[Data excerpts — start]
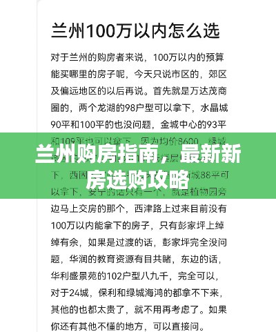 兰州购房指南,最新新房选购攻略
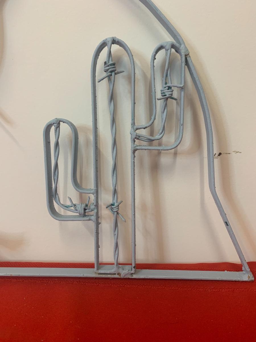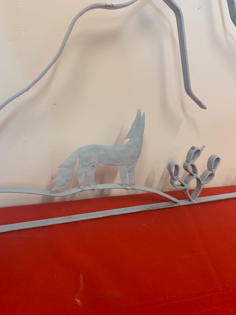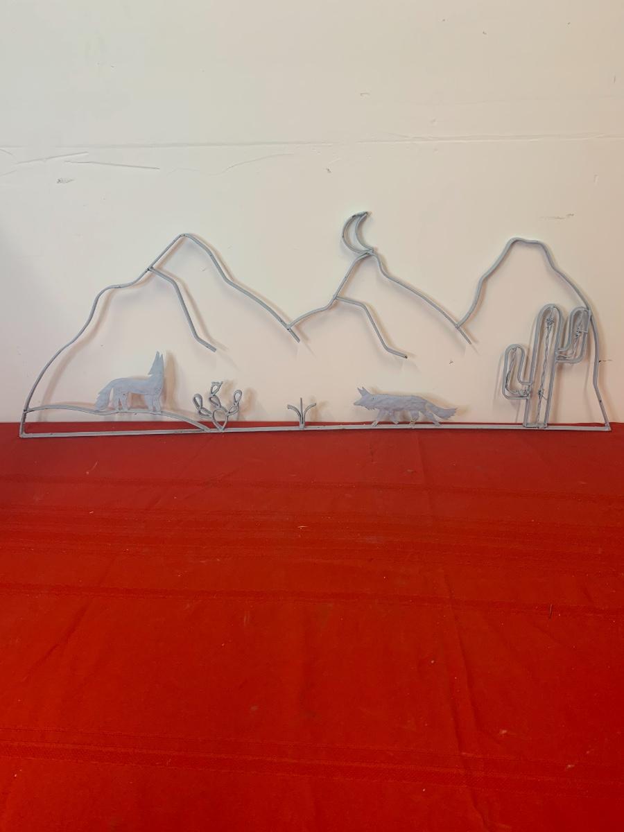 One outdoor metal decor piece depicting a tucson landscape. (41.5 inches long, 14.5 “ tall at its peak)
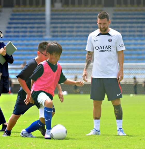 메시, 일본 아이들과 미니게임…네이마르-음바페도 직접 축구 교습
[Data excerpts — finish]
[Data excerpts — start]
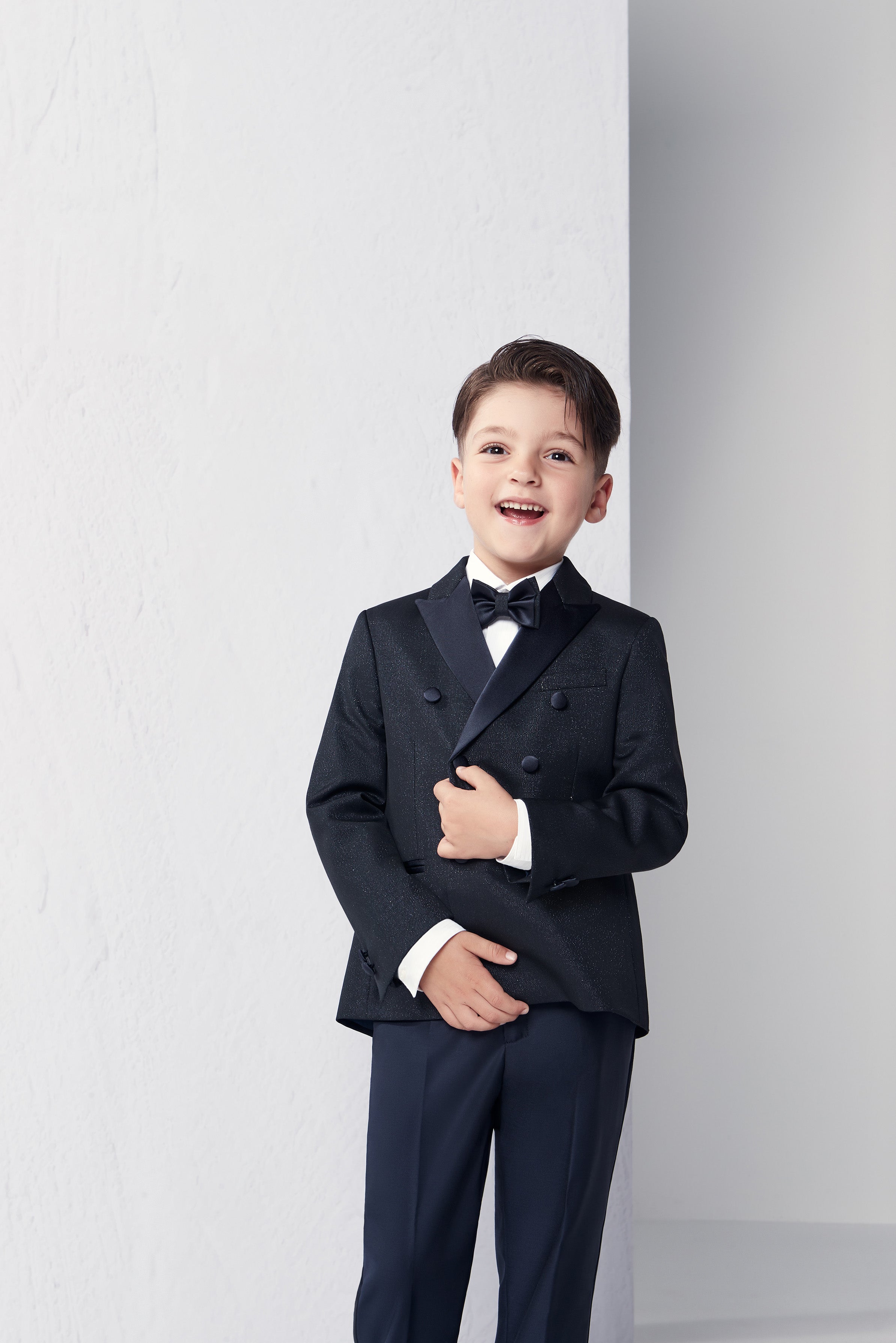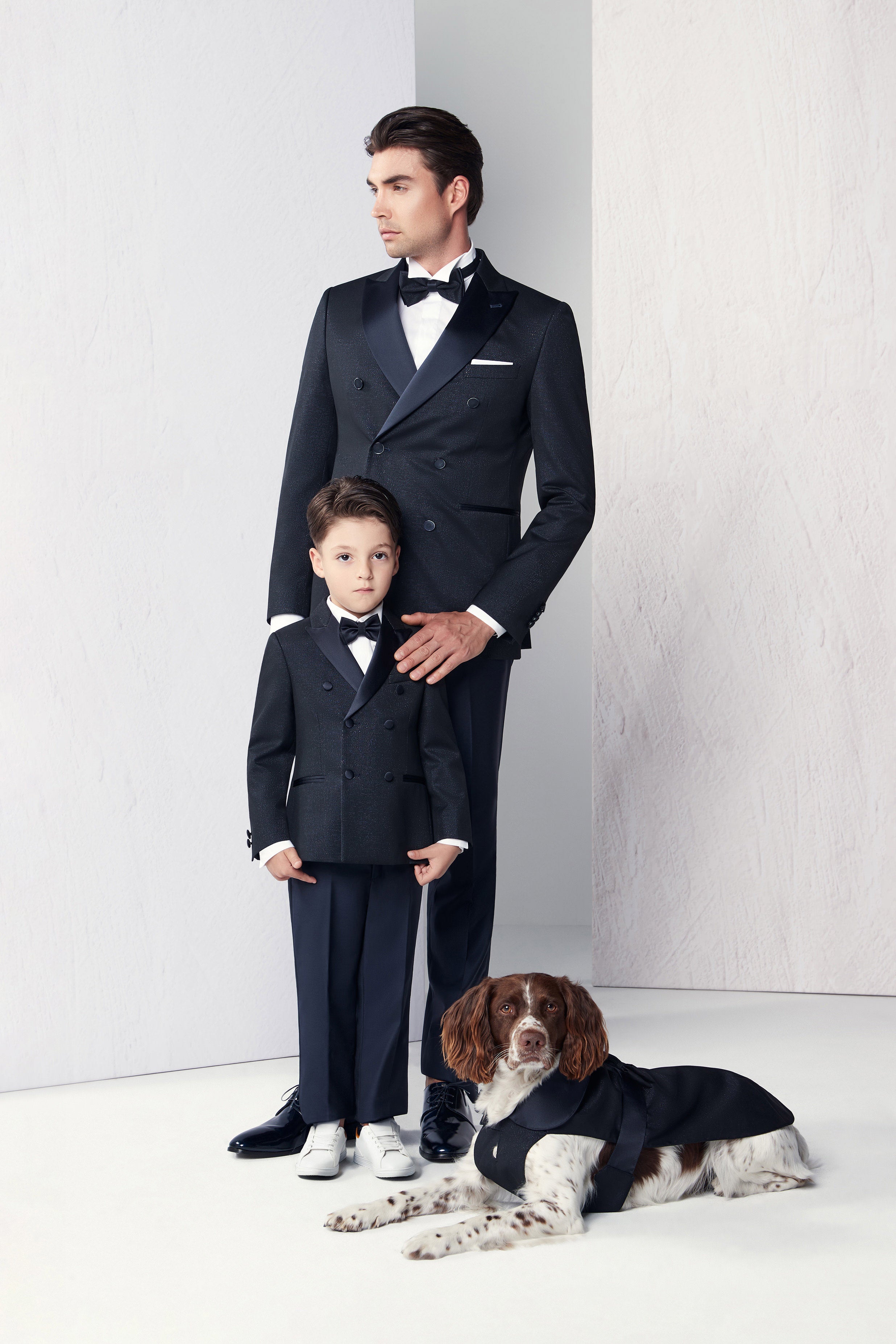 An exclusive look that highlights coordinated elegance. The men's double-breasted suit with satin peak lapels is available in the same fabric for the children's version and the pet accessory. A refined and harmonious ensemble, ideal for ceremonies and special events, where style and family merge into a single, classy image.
[Data excerpts — finish]
Your answer must be the lines above from the one holding "One outdoor metal" up to and including the one holding "메시, 일본 아이들과 미니게임…네이마르-음바페도 직접 축구 교습", exact and with no pictures.

 One outdoor metal decor piece depicting a tucson landscape. (41.5 inches long, 14.5 “ tall at its peak)
 메시, 일본 아이들과 미니게임…네이마르-음바페도 직접 축구 교습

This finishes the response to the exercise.